I used a inexpensive 3″ natural haired brush to “paint” on the glaze in an even coat. Then with a faux finish brush like this one, I feathered the glaze out. Kind of like working the glaze into the paint, using a sweeping motion in both directions, working in about 1 foot sections. I kept paper towels handy to wipe off the faux finish brush often.
After one coat of glaze it looked like this. You can see the dramatic difference it made. I think this photo makes the finish look a little blotchy. I remembered that in real life it didn’t look so much so. Although, I will admit I got a more even finish as I perfected my technique. (Which is why I started with the side of the hutch no one would see.)
I let it cure for over the weekend. Once I went back to the piece I realized, thankfully, that the glaze provided plenty of protection for the paint and did not require any further top coat.
I also used this technique on the base of the table.
I’ll go ahead and mention the technique I used on the dinning chairs because they received an entirely different finish. First, they were painted with Annie Sloan Chalk Paint in Graphite.
Then, to warm up the color and match the tone of the fabric more closely, I applied straight Annie Sloan Dark Wax.
I will tell you that it took at least a week for the tackiness to go away even after much buffing. This is because it was a rather heavy coat of wax. Once it cured it had a very nice smooth finish.
Now I’m going to insert a bit of the Q&A that went with that post.
Q . Do you apply the glaze over the 2nd coat of chalk paint or did you apply the wax made for chalk paint first? I tried applying the Martha Stewart black metallic glaze over chalk paint and it doesn’t seem to do anything. I am wiping it with a damp rag after applying, am I doing something wrong?

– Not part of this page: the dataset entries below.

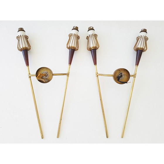 Paar alte Wandlampen aus Messing und Harz für Lunel, 1950
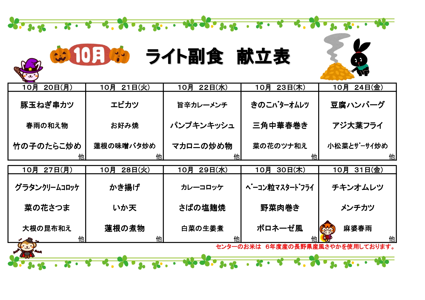 ・【ライト副食献立表】10月20日(月)~10月31日(金)
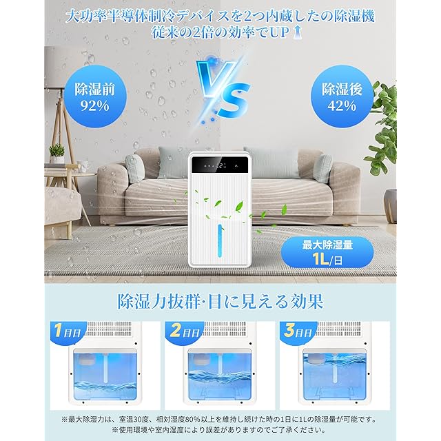 「デュアルコア除湿で梅雨も夏も快適!業界トップクラスの除湿性能」この除湿機は2つの高性能除湿コアを搭載し、従来モデル比198%の除湿効率を実現。1日最大1Lの水分を除去可能で、東京の平均湿度70%の環境下でも、わずか2時間で10畳空間の湿度を45%に低下させます。特殊な3D気流設計により、部屋の隅々まで空気を循環させ、結露やカビの発生を根本から防止。実験データでは、押し入れの湿度を24時間以内に40%以下に維持できることを確認(※自社実験結果)。除湿力が持続する「ナノチタンコートフィルター」を採用し、5年間の使用後も95%以上の性能を維持。他の製品と異なり、高温多湿な日本の夏(35℃以上)でもモーターオーバーヒートなしで連続運転可能です。

A. I did have to use two coats of chalk paint. If you wipe the glaze off it will be too light and only fall into the grooves of the piece. Sometimes that is the look you want, but in this case we wanted a more overall finish. As I said, I painted on the finish and then used the faux finish brush almost as if I was sweeping the piece leaving a soft haze of glaze behind.
Q. I’m looking at the big hutch with the Coco ASCP and Martha Stewart Black Metallic Glaze. It looks gray not coco. Was the coco gray or brown tone? I’m trying to achieve a gray and wondering if this will work for me.
A. In the photo, the walls were so close to the Coco color it appears a little washed out. I can best describe Coco as a dark greige. It is definitely more brown than the color French Linen from Annie Sloan.
Hope you enjoy this lost treasure of post! To say this was an enormous job is quite the understatement. So the other reason I probably let the project go without a mention had to do with the fact I was so done with this project!